2 level=debug ts=2020-03-31T23:54:55.813Z caller=nflog.go:540 component=nflog msg="gossiping new entry" entry="entry:<group_key:\"{}:{alertname=\\"InstanceDown\\"}\" receiver:<group_name:\"Atlassian\" integration:\"wechat\" > timestamp: firing_alerts:4666247465654023712 > expires_at: "

alert02 log: received msg="gossiping new entry" from node-03 and node-01 at 23:54:24 and 23:54:55 respectively. level=debug ts=2020-03-31T23:54:24.564Z caller=nflog.go:540 component=nflog msg="gossiping new entry" entry="entry:<group_key:\"{}:{alertname=\\"InstanceDown\\"}\" receiver:<group_name:\"Atlassian\" integration:\"wechat\" > timestamp: firing_alerts:4666247465654023712 > expires_at: " level=debug ts=2020-03-31T23:54:46.184Z caller=cluster.go:306 component=cluster memberlist="2020/04/01 07:54:46 [DEBUG] memberlist: Initiating push/pull sync with: 10.188.53.29:9094\n" level=debug ts=2020-03-31T23:54:53.578Z caller=dispatch.go:135 component=dispatcher msg="Received alert" alert=InstanceDown[e4a505b][active] level=debug ts=2020-03-31T23:54:53.578Z caller=dispatch.go:135 component=dispatcher msg="Received alert" alert=InstanceDown[e4a505b][active] level=debug ts=2020-03-31T23:54:53.582Z caller=dispatch.go:135 component=dispatcher msg="Received alert" alert=WinNodeFilesystemUsage[f5be04f][active] level=debug ts=2020-03-31T23:54:53.589Z caller=dispatch.go:135 component=dispatcher msg="Received alert" alert=WinNodeFilesystemUsage[f5be04f][active] level=debug ts=2020-03-31T23:54:55.811Z caller=nflog.go:540 component=nflog msg="gossiping new entry" entry="entry:<group_key:\"{}:{alertname=\\"InstanceDown\\"}\" receiver:<group_name:\"Atlassian\" integration:\"wechat\" > timestamp: firing_alerts:4666247465654023712 > expires_at: "

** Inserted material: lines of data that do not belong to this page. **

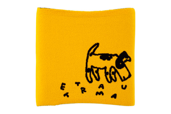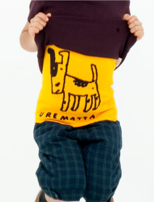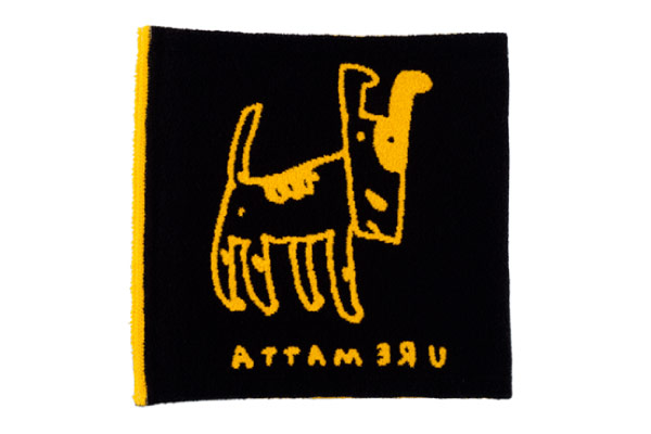 【秋の新作!】 ウレマッタの犬  絵本作家・高畠純さんが、 秋のウレマッタのために 新しい絵を描きおろしてくださいました。 ご覧のように、犬のハラマキです。 オレンジがかった元気なイエローに、 かわいらしい犬が一匹。 ウレマッタ島のマスコット的な存在でしょうか。 様々な方に、かわいらしく巻いていただけそうです。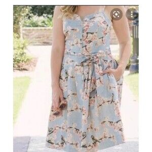 The Gal Meets Glam Daphne Dress in size 16 features a charming Cherry Blossom Birds pattern in pink, perfect for a party or cocktail occasion. This sleeveless dress has a sweetheart neckline and button closure, with pleated and bow accents adding a touch of elegance. Made of polyester with a cotton fabric type, this knee-length dress is designed for plus-sized women and includes pockets for added convenience. Perfect for summer and spring seasons, this fit and flare style dress from the GLAM brand is a lovely addition to any wardrobe. Button-down and snap closure- decorative sash.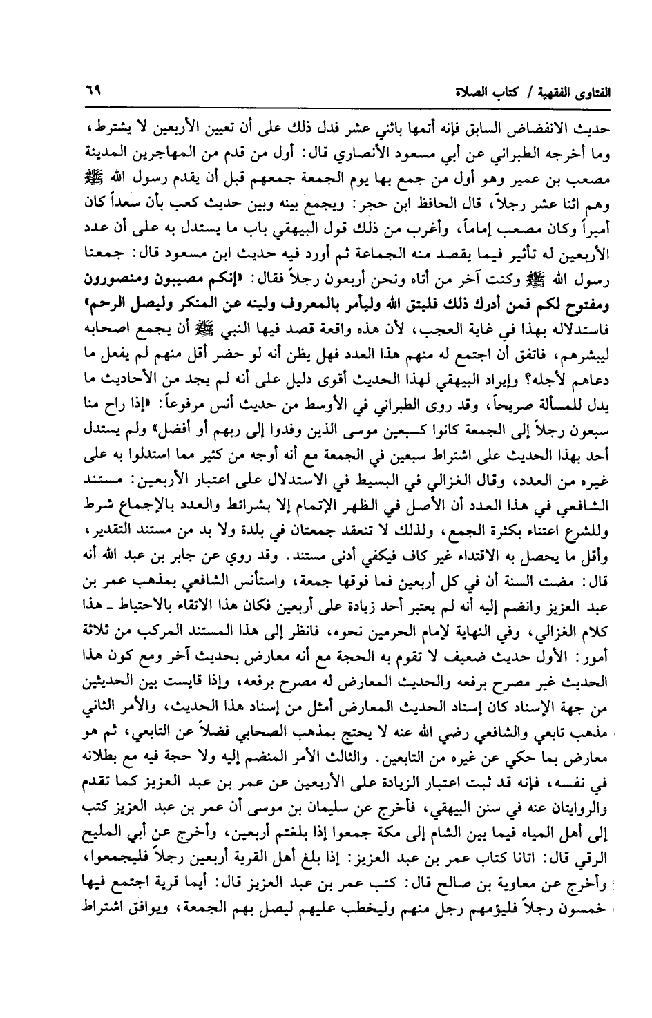 حديث الانفضاض السابق فإنه أتمها باثني عشر فدل ذلك على أن تعيين الأربعين لا يشترط، وما أخرجه الطبراني عن أبي مسعود الأنصاري قال: أول من قدم من المهاجرين المدينة مصعب بن عمير وهو أول من جمع بها يوم الجمعة جمعهم قبل أن يقدم رسول الله صلى الله عليه وسلّم وهم اثنا عشر رجلاً، قال الحافظ ابن حجر: ويجمع بينه وبين حديث كعب بأن سعداً كان أميراً وكان مصعب إماماً، وأغرب من ذلك قول البيهقي باب ما يستدل به على أن عدد الأربعين له تأثير فيما يقصد منه الجماعة ثم أورد فيه حديث ابن مسعود قال: جمعنا رسول الله صلى الله عليه وسلّم وكنت آخر من أتاه ونحن أربعون رجلاً فقال: (إنكم مصيبون ومنصورون ومفتوح لكم فمن أدرك ذلك فليتق الله وليأمر بالمعروف ولينه عن المنكر وليصل الرحم) فاستدلاله بهذا في غاية العجب، لأن هذه واقعة قصد فيها النبي صلى الله عليه وسلّم أن يجمع اصحابه ليبشرهم، فاتفق أن اجتمع له منهم هذا العدد فهل يظن أنه لو حضر أقل منهم لم يفعل ما دعاهم لأجله؟ وإيراد البيهقي لهذا الحديث أقوى دليل على أنه لم يجد من الأحاديث ما يدل للمسألة صريحاً، وقد روى الطبراني في الأوسط من حديث أنس مرفوعاً: (إذا راح منا سبعون رجلاً إلى الجمعة كانوا كسبعين موسى الذين وفدوا إلى ربهم أو أفضل) ولم يستدل أحد بهذا الحديث على اشتراط سبعين في الجمعة مع أنه أوجه من كثير مما استدلوا به على غيره من العدد، وقال الغزالي في البسيط في الاستدلال على اعتبار الأربعين: مستند الشافعي في هذا العدد أن الأصل في الظهر الإتمام إلا بشرائط والعدد بالإجماع شرط وللشرع اعتناء بكثرة الجمع، ولذلك لا تنعقد جمعتان في بلدة ولا بد من مستند التقدير، وأقل ما يحصل به الاقتداء غير كاف فيكفي أدنى مستند. وقد روى عن جابر بن عبد الله أنه قال: مضت السنة أن في كل أربعين فما فوقها جمعة، واستأنس الشافعي بمذهب عمر بن عبد العزيز وانضم إليه أنه لم يعتبر أحد زيادة على أربعين فكان هذا الاتقاء بالاحتياط هذا كلام الغزالي، وفي النهاية لإمام الحرمين نحوه، فانظر إلى هذا المستند المركب من ثلاثة أمور: الأول حديث ضعيف لا تقوم به الحجة مع أنه معارض بحديث آخر ومع كون هذا الحديث غير مصرح برفعه والحديث المعارض له مصرح برفعه، وإذا قايست بين الحديثين من جهة الإسناد كان إسناد الحديث المعارض أمثل من إسناد هذا الحديث، والأمر الثاني مذهب تابعي والشافعي رضي الله عنه لايحتج بمذهب الصحابي فضلاً عن التابعي، ثم هو معارض مما حكى عن غيره من التابعين. والثالث الأمر المنضم إليه ولا حجة فيه مع بطلانه في نفسه، فإنه قد ثبت اعتبار الزيادة على الأربعين عن عمر بن عبد العزيز كما تقدم والروايتان عنه في سنن البيهقي، فأخرج عن سليمان بن موسى أن عمر بن عبد العزيز كتب إلى أهل المياه فيما بين الشام إلى مكة جمعوا إذا بلغتم أربعين، وأخرج عن أبي المليح الرقي قال: اتانا كتاب عمر بن عبد العزيز: إذا بلغ أهل القرية أربعين رجلاً فليجمعوا، وأخرج عن معاوية بن صالح قال: كتب عمر بن عبد العزيز قال: أيما قرية اجتمع فيها خمسون رجلاً فليؤمهم رجل منهم وليخطب عليهم ليصل بهم الجمعة، ويوافق اشتراط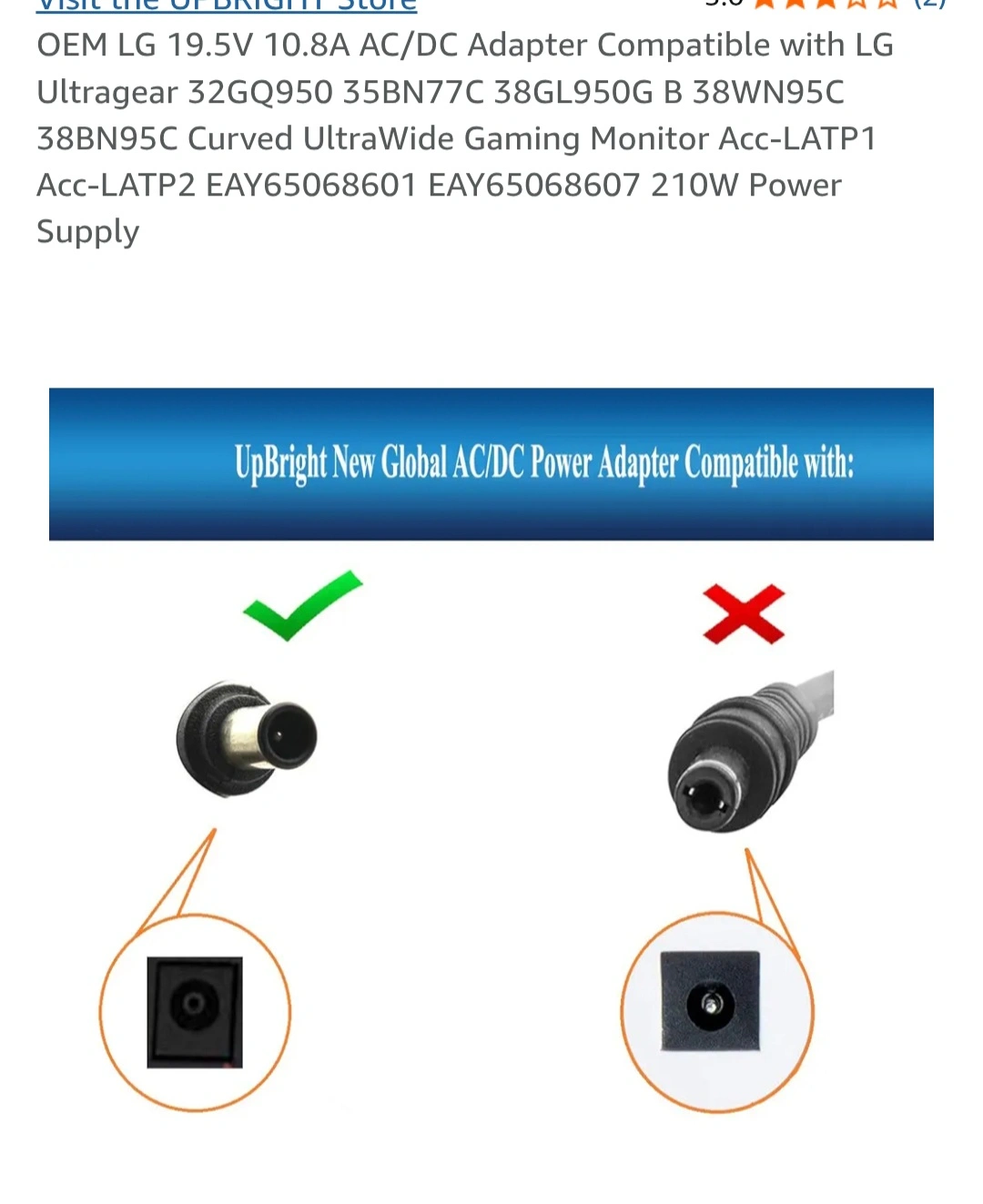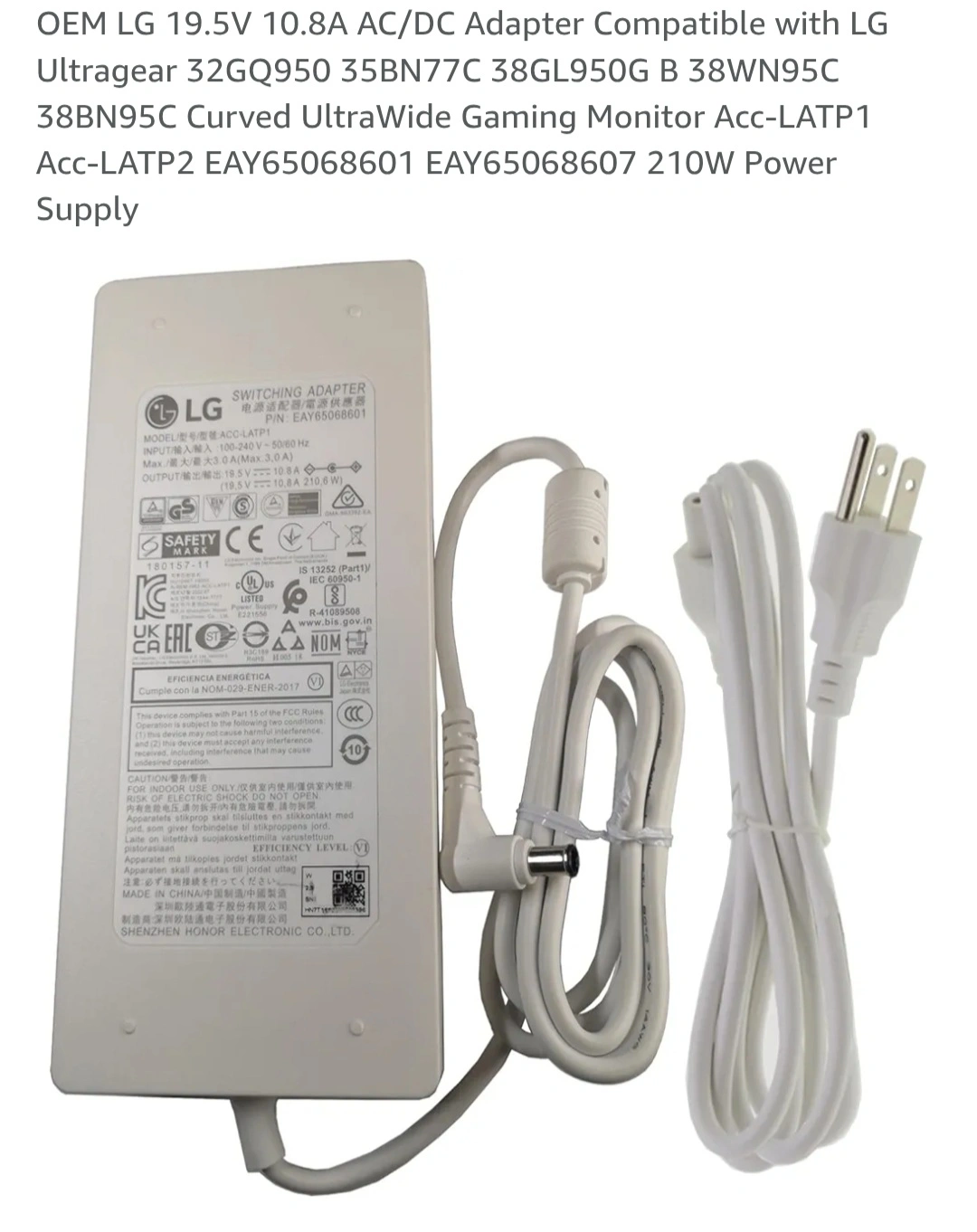 OEM LG 19.5V 10.8A AC/DC Adapter Compatible with LG Ultragear 32GQ950 35BN77C 38GL950G B 38WN95C 38BN95C Curved UltraWide Gaming Monitor Acc-LATP1 Acc-LATP2 EAY65068601 EAY65068607 210W Power Supply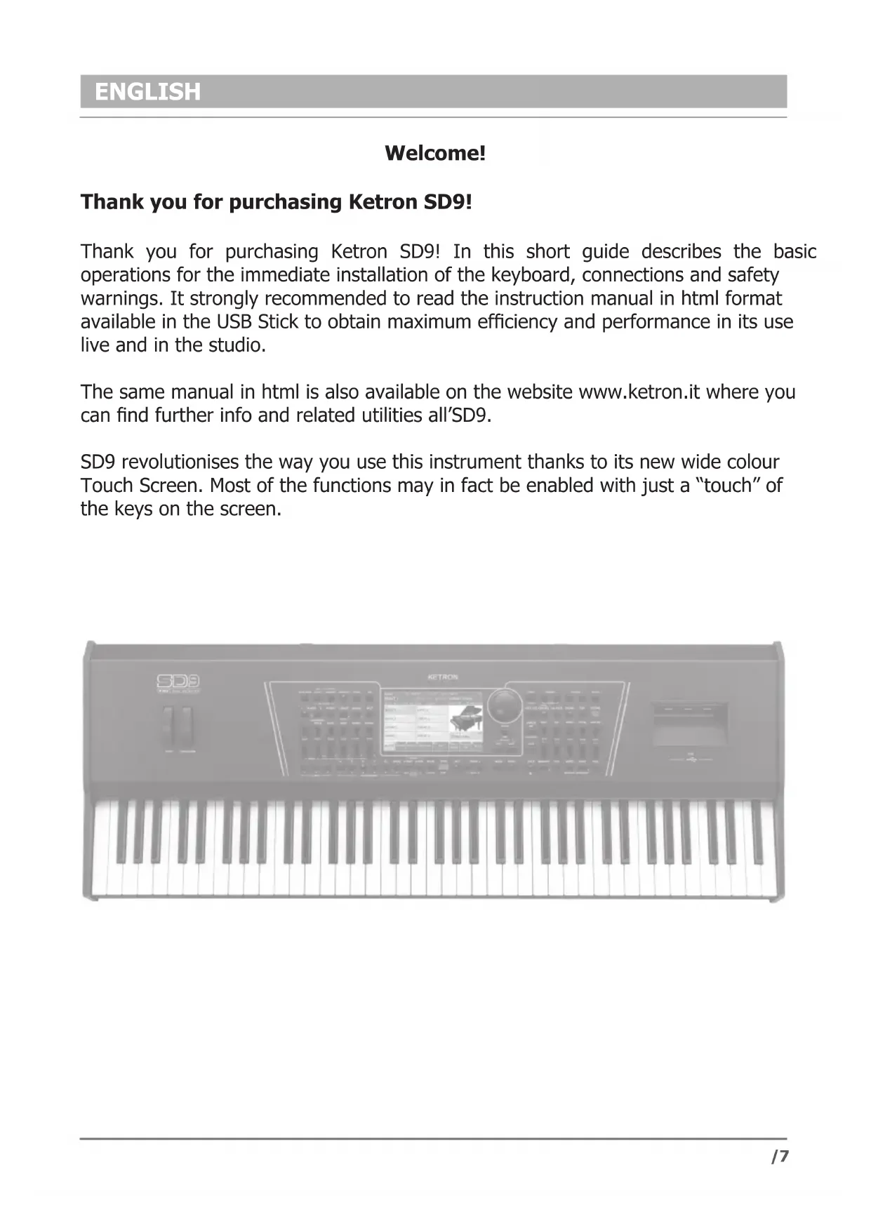 USER MANUAL SD9 KETRON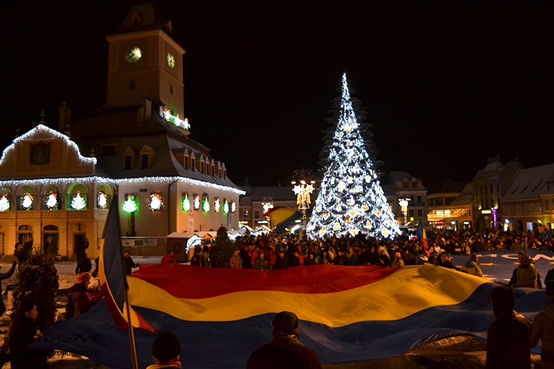 În Piața Sfatului, brașovenii au desfășurat tricolorul de mari dimensiuni, au cântat „Deșteaptă-te române”, dar au și ținut un moment de reculegere în memoria Regelui Mihai.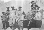 About noon we arrived in Blackpool and as we stepped from the train we were confronted by a British military band. As we finished detraining they struck up the "Star-spangled Banner." It is doubtful if there was a man present who could say that it didn't bring a lump to his throat. It was a touch of America three thousand miles from home. As we snapped down our salute, as the last note of the music died away, the order to fall in was given and then squads right, so, with colors unfurled and headed by the band, we made our entrance into Blackpool, England. The streets were crowded on either side and we were accorded a fine welcome as we marched to our quarters on Albert Road.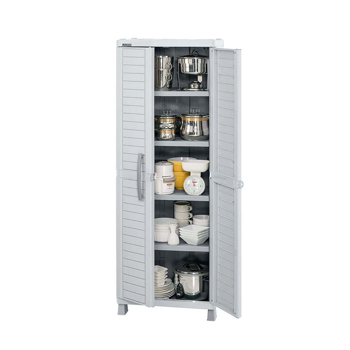 | Características | Armario Grande con 4 entrepaños ajustables que resisten hasta 25 Kg cada uno. Fácil de armar, mover y limpiar. Con la resistencia y beneficios del plástico. Excelente capacidad interior, con orificio para uso del candado para mayor seguridad. De apariencia moderna y elegante. Ideal para interiores y exteriores. |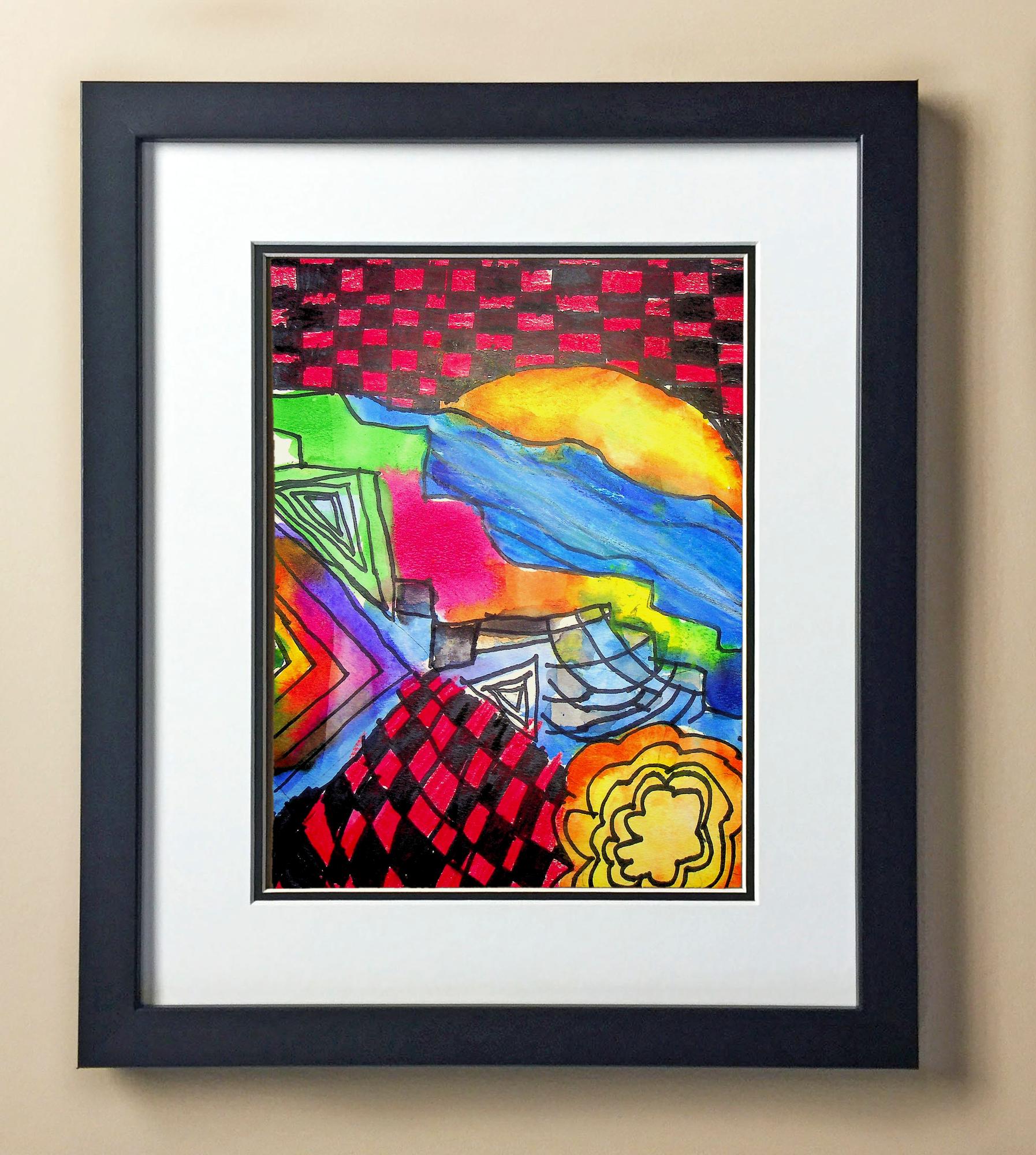 Included with the purchase is the Students Artwork, Frame, double matboard, shatter proof plexiglass, and a ready to hang backerboard with turnbuttons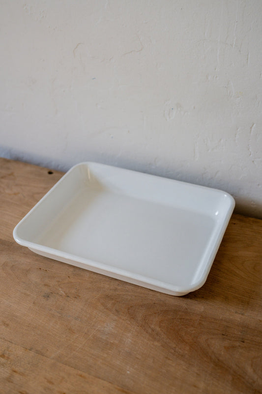 Noda Horo White Enamel Rectangle Deep Food Container Medium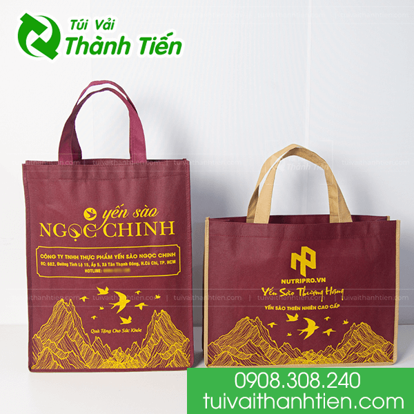 Túi vải không dệt đựng yến sào được sản xuất từ chất liệu vải dệt có tính chất mềm mịn và khả năng thấm hút, chịu trọng lượng và đàn hồi khá tốt.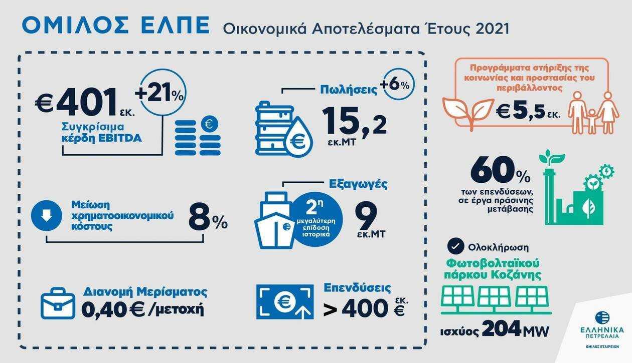 Στα 341 εκατ. ευρώ, διαμορφώθηκαν τα κέρδη των ΕΛΠΕ για το 2021, μέγεθος που αποτελεί τη δεύτερη υψηλότερη επίδοση στην ιστορία του Ομίλου, αναστρέφοντας τις περσινές ζημιές 397 εκατ. ευρώ, καθώς οι διεθνείς τιμές αργού ανέκαμψαν σημαντικά, από τα ιστορικά χαμηλά που κατέγραψαν το 2020. Τα ετήσια Συγκρίσιμα λειτουργικά Κέρδη (EBITDA) ανήλθαν σε 401 εκατ. ευρώ (+21%) και τα Συγκρίσιμα Καθαρά Κέρδη διαμορφώθηκαν στα 144 εκατ. ευρώ.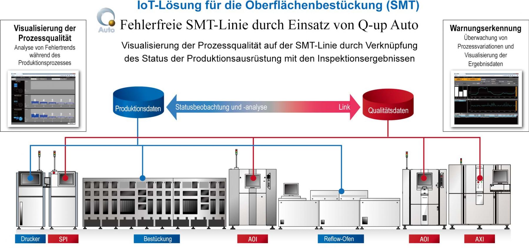 Neben den beiden Inspektionssystemen stellt Omron auch die IoT-Lösung Q-up Auto vor. Mittels der Qualitätsdaten, die in der SMT-Linie erzeugt werden, sowie durch die Daten, die dank der 3D-SJI-Technik gewonnen werden, überwacht Q-up Auto Variationen bei den Messwerten selbst während der Produktion von Baugruppen in guter Qualität und entdeckt dabei Anzeichen von Mängeln.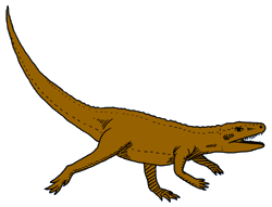 Das Euparkeria war ungefähr 60 Zentimeter lang. Es lebte vor 245 - 235 Millionen Jahren in der Untertrias. Das Euparkeria gehörte zu den Archosauriern, aber nicht zu den Dinosauriern. Ob es ein Vorfahr der Dinosaurier war, konnte bislang noch nicht geklärt werden. Fossilien vom Euparkeria wurden in Südafrika gefunden. Das Euparkeria lief vermutlich meistens auf vier Beinen und fraß Fleisch. Zum ersten Mal wurde das Euparkeria im Jahr 1913 beschrieben. |

devinodaniel commented 4 years ago

I had some luck with minimizing duplicate notifications by tweaking the --cluster.pushpull-interval and --cluster.gossip-interval flags in the alertmanager startup command to values other than the default. I started with defaults of 1m0s and 200ms respectively and vastly changed them until I got either more notifications or less, then slowly narrowed it down. It was quite painstaking.

To me, it seems to be related to the latency between the alertmanagers over the wire. For instance, I have 4 alertmangers communicating over a tunnel between NYC and CA and sometimes it's fast.. but sometimes, because of high ISP latency, their communication is slow. It would be nice to know if you have the same luck. I still get duplication of 2 to 3 notifications occasionally but I'd rather get multiple alerts than none.

cycwll commented 4 years ago

@devinodaniel thank for your help. My nodes is in a same LAN, so low latency between the alertmanagers over the wire. At present, I have a low probability of receiving repeated notifications(about 5%), according to your description, it seems that repeated notifications is inevitable, I will try your suggestions.

tianshimoyi commented 1 month ago

@devinodaniel Hello, I encountered the same problem. I changed the parameters to the following configuration and it still didn’t get better. Are there any other parameters that I need to pay attention to? My version is v0.24.0.